__Problem details__.
Your answer must be a word-for-word copy of the listing, with all pictures excluded.

__Collected data__.
━━━━━━

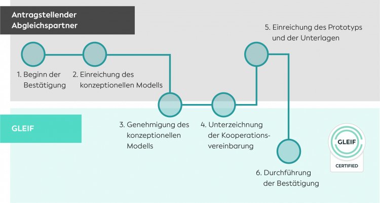 - Sobald der Geschäftsführer von GLEIF die Teilnahme an der Abgleichszertifizierung genehmigt hat, schließen der antragstellende Abgleichspartner und GLEIF den Kooperationsvertrag ab. Dabeihandelt es sich um einen formellen, bindenden Vertrag, der diePflichten beider Parteien definiert.
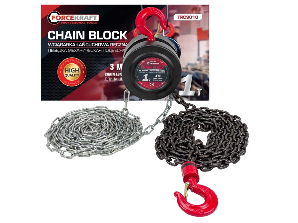 Erős kézi láncos emelő, teherbírás 1 t, lánc 3 m
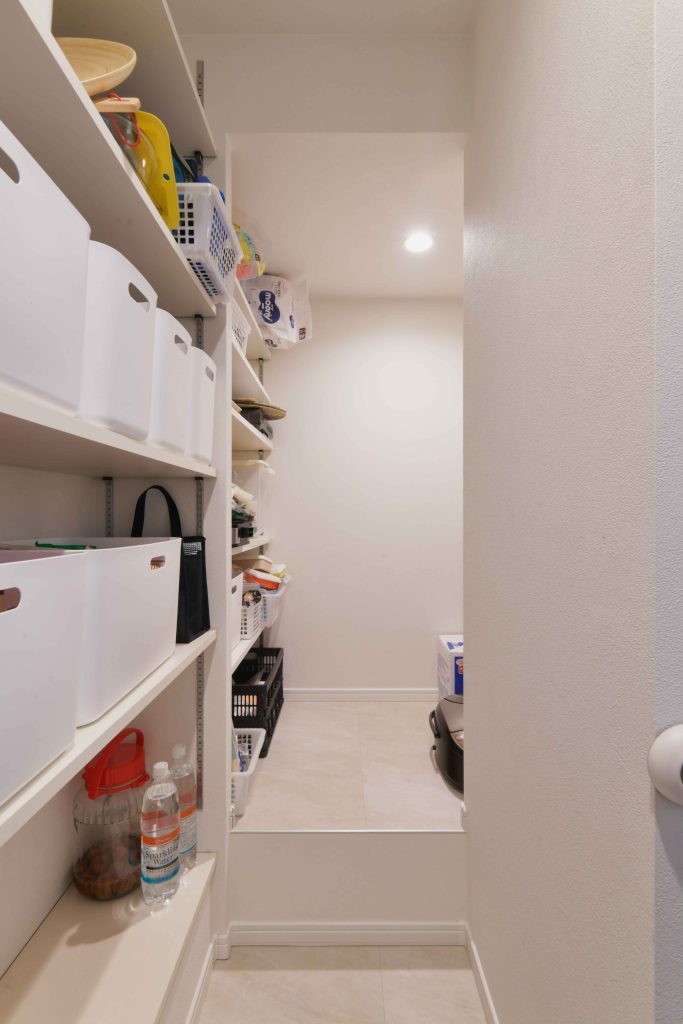 普段行き来が少ないパントリーに配管スペースを作ることで、普段使いする動線はバリアフリーを実現しました。

━━━━━━

__Your solution__.
 - Sobald der Geschäftsführer von GLEIF die Teilnahme an der Abgleichszertifizierung genehmigt hat, schließen der antragstellende Abgleichspartner und GLEIF den Kooperationsvertrag ab. Dabeihandelt es sich um einen formellen, bindenden Vertrag, der diePflichten beider Parteien definiert.
 Erős kézi láncos emelő, teherbírás 1 t, lánc 3 m
 普段行き来が少ないパントリーに配管スペースを作ることで、普段使いする動線はバリアフリーを実現しました。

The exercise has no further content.